Ms Lester took her then three-year-old to KGH suspecting a serious chest infection.
But for 24 hours, staff neglected to test his blood or urine when he was in fact in need of urgent treatment for sepsis, she said.
By the time he was seen by a consultant he was in septic shock, and Ms Lester said she later learned staff “didn’t have the things they needed to sedate and ventilate” her son.
He was transferred to Leicester Royal Infirmary but suffered a cardiac arrest en route and was clinically dead for 18 minutes.
Ms Lester was given a few seconds to see him in the intensive care unit.
“I just whispered in his ear, ‘You know you do as mummy tells you, well you need to fight.’ And he did.”
Luke survived, but has lasting signs of brain damage and he lost his right leg below the knee and his left toes.

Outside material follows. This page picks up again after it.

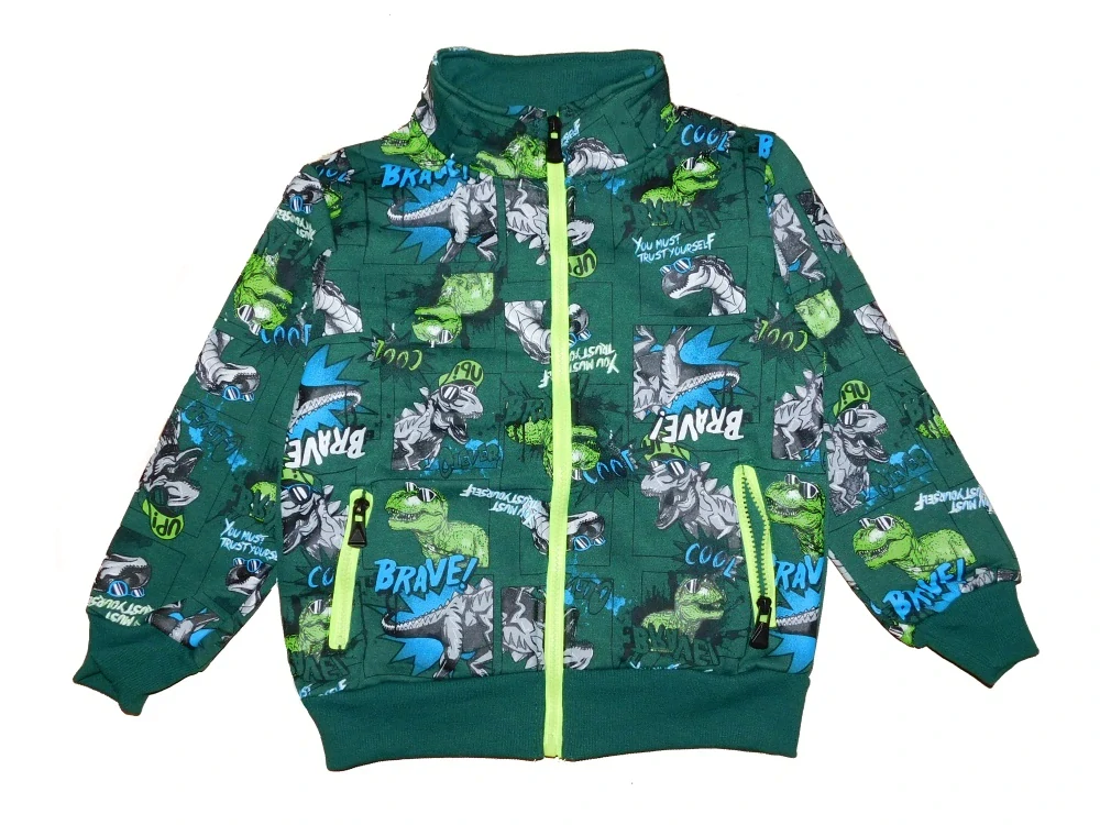 Chlapecká silnější mikina se zapínáním na zip značky Kugo pro chladné počasí. Mikina je vyrobena ze silné bavlny uvnitř s chloupkem. Moderní a kvalitní mikina pro kluky s dinosaury.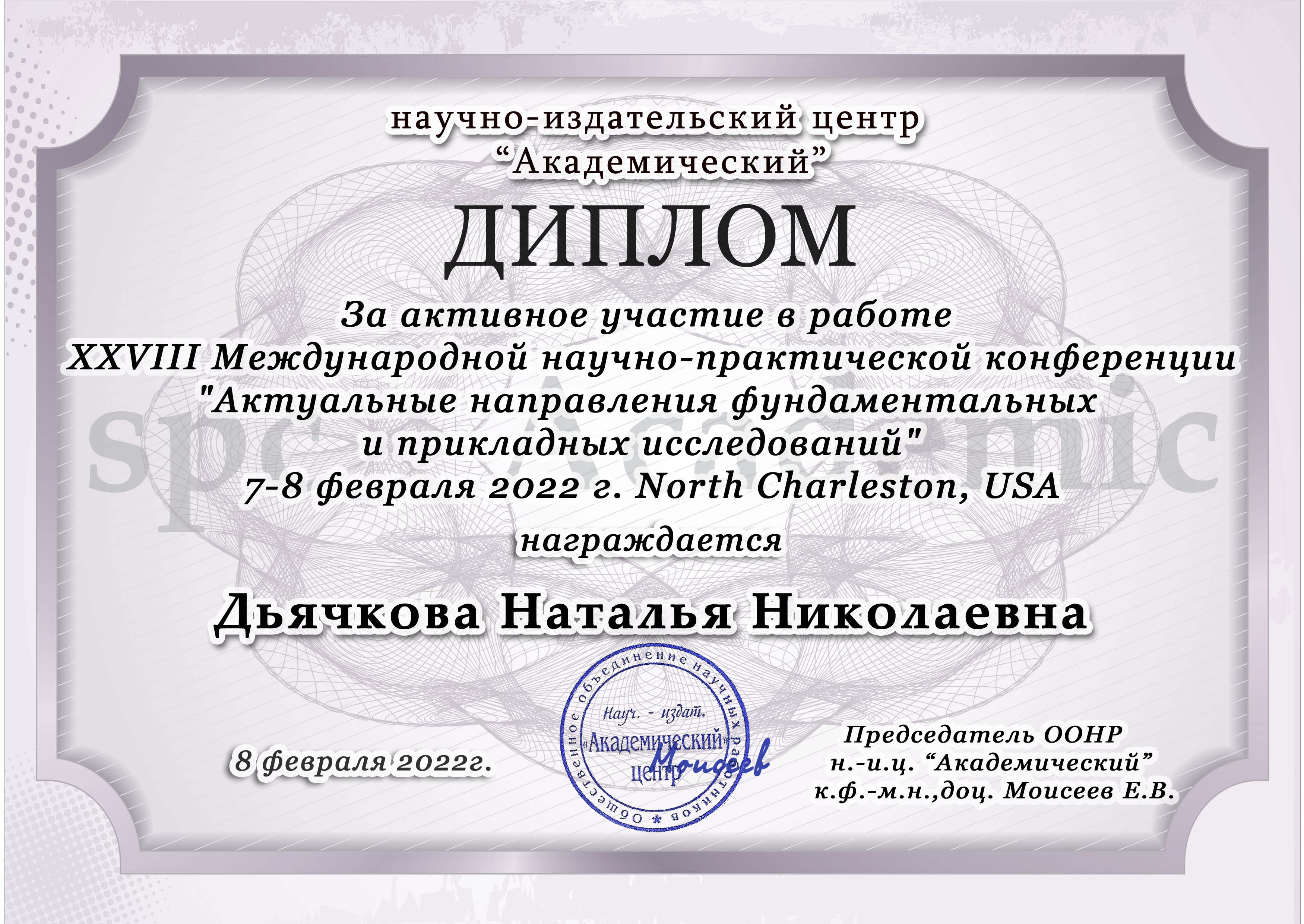 XXVIII МЕЖДУНАРОДНАЯ НАУЧНО-ПРАКТИЧЕСКАЯ КОНФЕРЕНЦИЯ "АКТУАЛЬНЫЕ НАПРАВЛЕНИЯ ФУНДАМЕНТАЛЬНЫХ И ПРИКЛАДНЫХ ИССЛЕДОВАНИЙ"

An internal review found failures and KGH said lessons would be learned, but Ms Lester said: “Even now I’m still angry. I don’t think I ever won’t be.
“I’ve had counselling. But I keep going back to ‘this should never have happened’.”
In response to the BBC investigation, KGH’s director of nursing, Jayne Skippen, said: “To any families who feel we did not deliver the best care we could have done, I’m very sorry.
“We know there are some areas we need to improve on and we are working really hard to improve those areas.”
She said KGH had made changes, including introducing a larger paediatric emergency department, adding: “We are really committed to making this a better pathway for all of our children.”